YOUR ASSIGNMENT:
Each line of the data below between the one containing "Maroon Handloom Kanchipuram" and the one containing "Dann ab nach", both included, is to be repeated exactly. Please omit pictures.

EXERCISE INPUTS:
^^^^^^^^
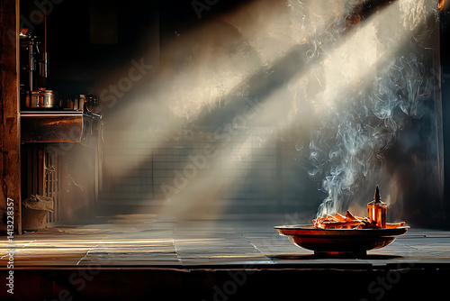 Sunlight streams through a dark space illuminating a smoking bowl creating an ethereal mysterious atmosphere.
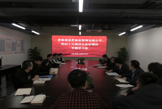 遵照濟南城市建設集團黨委安排部署,為進一步學習宣傳貫徹黨的十九屆四中全會精神,加深對全會精神的了解掌握,提高運用黨的理論成果推動工作的能力,確保園區各項工作落到實處,公司于2019年12月份下旬安排三天下午,在印象濟南園區會議室由總經理宋光華同志主持召開黨的第十九屆四中全會精神的專題學習。
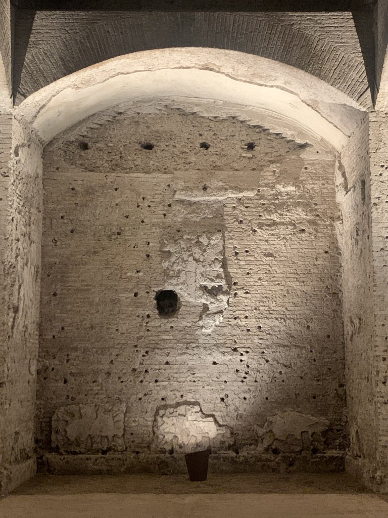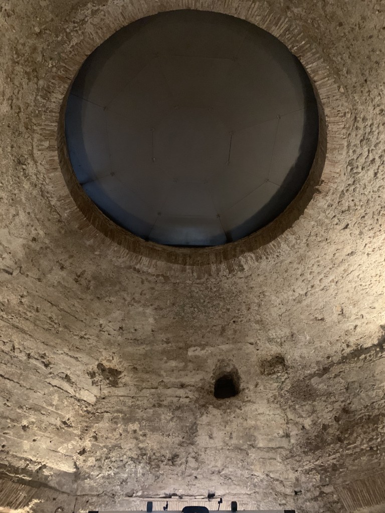 La sala a otto lati sul colle Oppio, per anni creduta QUELLA sala rotante, non ha in realtà nessun elemento per poter confermare l’ipotesi. È una struttura in muratura, salda, con una ampia porta verso l’esterno collegata visivamente con il ninfeo del Celio, all’esterno, e con la cascata artificiale retrostante, una copertura voltata che è un capolavoro dove le uniche tracce realmente indiziarie dell’uso antico sono la superficie non finita e dei forellini forse usati per applicare tendaggi preziosi (sì, io credo a questa lettura). Il resto sono tracce post antiche legate alle spoliazioni perchè intaccano la copertura e non avrebbero senso nel cantiere antico.
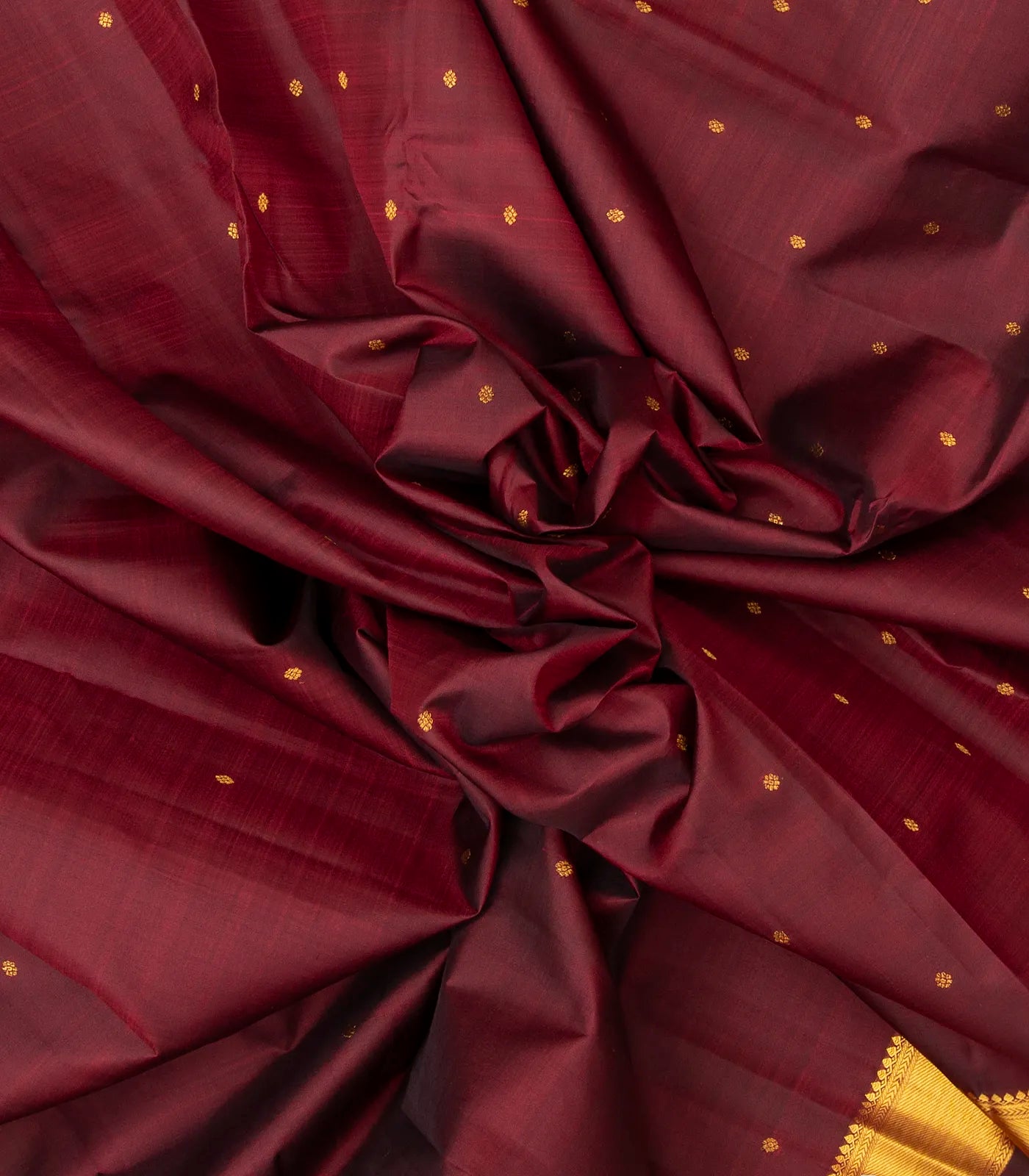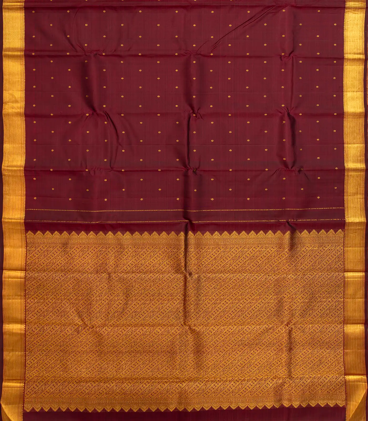 Maroon Handloom Kanchipuram Silk Saree With Kamalam Buttas
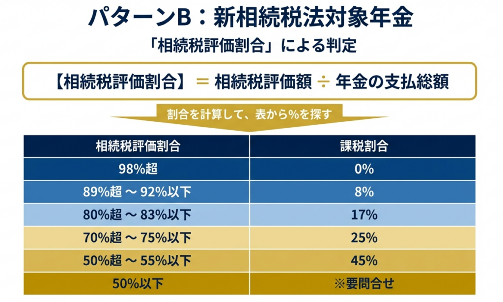 問7: 「新相続税法対象年金」における「課税割合」を決定するために必要な「相続税評価割合」の算式を説明してください。
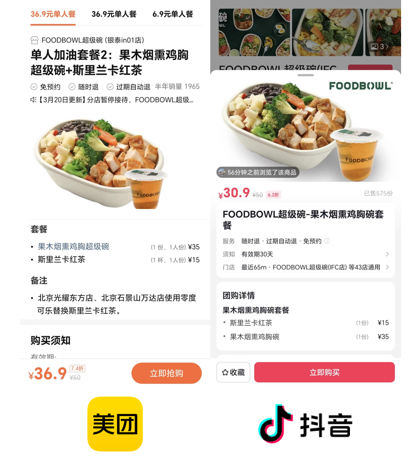 部分商家在兩個平臺提供的套餐價(jià)格差異巨大。例如超級碗的果木煙熏雞胸碗套餐,抖音售價(jià)30.9元,在美團(tuán)售價(jià)為36.9元,比抖音貴近20%。
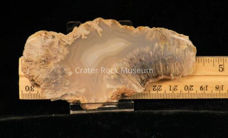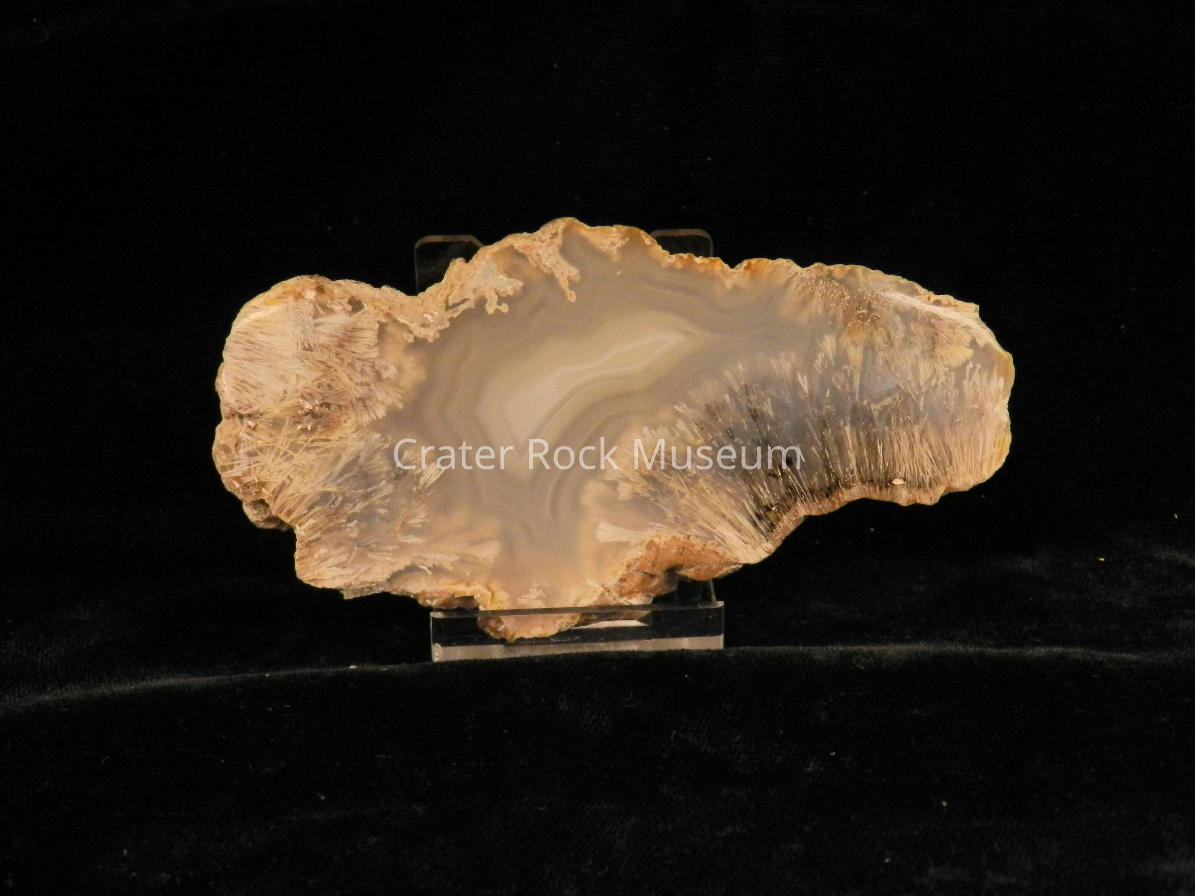 Description: Thin, beveled slice with flat back and polished face. Translucent, slightly banded creamy tan in center with beige and black splaying on outer regions.
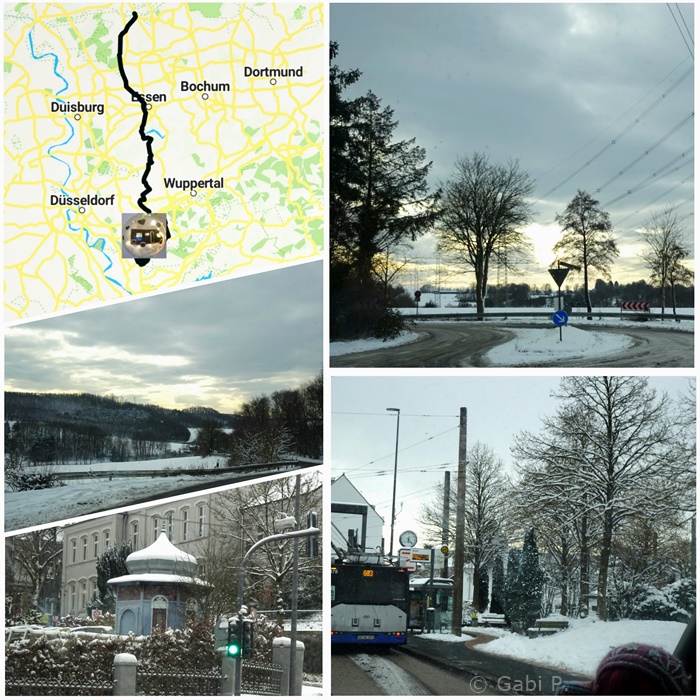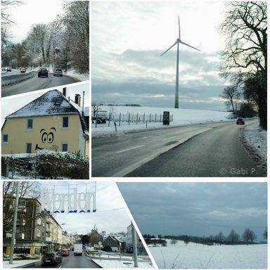 Dann ab nach Hause. Von oben nach unten durchs Ruhrgebiet. Irgendwo in den Höhenlagen von Essen, wurde der Schnee dann wieder mehr.
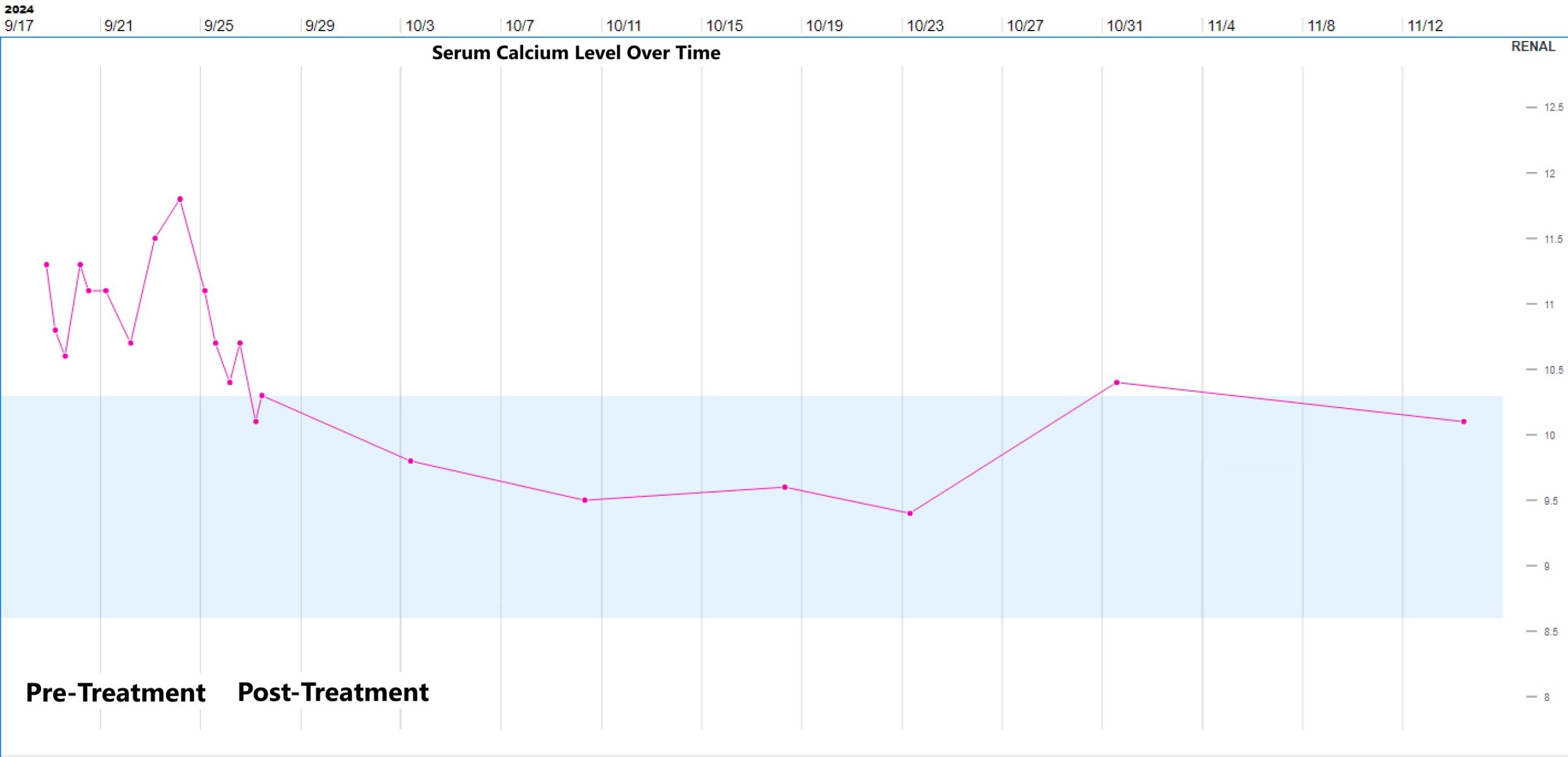 Case Presentation: A 33-year-old man with end-stage renal disease status post renal transplant was readmitted to the hospital with recurrent acute kidney injury (AKI).During his first admission, he reported a few weeks of nonproductive cough, dyspnea, congestion, chills, and recent nausea with vomiting. He was afebrile with normal vital signs and normal SpO2. Respiratory panel was positive for Rhinovirus. Labs showed serum creatinine of 2.6 mg/dL from a baseline of 1.6-1.9 mg/dL, as well as elevated serum calcium of 10.9 mg/dL with a normal serum albumin of 4.5 g/dL. He was treated with IV fluids, supportive measures for Rhinovirus, and his tacrolimus and prednisone were continued at usual doses while his mycophenolate dose was decreased by 50%. Over the two-day hospitalization, his symptoms improved, and his AKI resolved. His serum calcium also improved, to 10.4 mg/dL on the day of discharge. He was readmitted four days later with worsening symptoms, including nausea with vomiting, dyspnea, productive cough, and chills. He was noted to have intermittent temperatures to 99-100 degrees Fahrenheit associated with tachycardia, tachypnea, and an oxygen requirement of 2-3 liters. Chest radiograph showed bilateral interstitial opacities. Labs showed recurrent AKI, normal leukocyte count, and a mildly elevated procalcitonin level; the serum calcium was elevated at 11.3 mg/dL with a normal serum albumin of 4.2 g/dL. He was treated with IV fluids for AKI and hypercalcemia and antibiotics for possible pneumonia, but had persistent symptoms, AKI, and hypercalcemia. Serum PTH was low at 11 pg/mL (ref range 12-88), 25-hydroxyvitamin D (calcidiol) was normal at 35 ng/mL (ref range 13-62), and 1,25-dihydroxyvitamin D (calcitriol) was significantly elevated at 257 pg/mL (ref range 19-79). A Chest CT showed bilateral diffuse ground glass opacities with scattered peri-bronchial nodular consolidations (fig 1). Blood beta-D-glucan was positive, and PCR for pneumocystis jirovecii (PJP) was subsequently positive on induced sputum and bronchoalveolar lavage (BAL) samples. Treatment dose trimethoprim-sulfamethoxazole was started, with resolution of fever, respiratory symptoms, hypoxemia, AKI, and hypercalcemia within 4 days (fig 2), at which point he was discharged. The calcitriol level checked 4 weeks after PJP treatment was normal.
^^^^^^^^
EXPECTED ANSWER:
 Maroon Handloom Kanchipuram Silk Saree With Kamalam Buttas
 問7: 「新相続税法対象年金」における「課税割合」を決定するために必要な「相続税評価割合」の算式を説明してください。
 部分商家在兩個平臺提供的套餐價(jià)格差異巨大。例如超級碗的果木煙熏雞胸碗套餐,抖音售價(jià)30.9元,在美團(tuán)售價(jià)為36.9元,比抖音貴近20%。
 Description: Thin, beveled slice with flat back and polished face. Translucent, slightly banded creamy tan in center with beige and black splaying on outer regions.
 Dann ab nach Hause. Von oben nach unten durchs Ruhrgebiet. Irgendwo in den Höhenlagen von Essen, wurde der Schnee dann wieder mehr.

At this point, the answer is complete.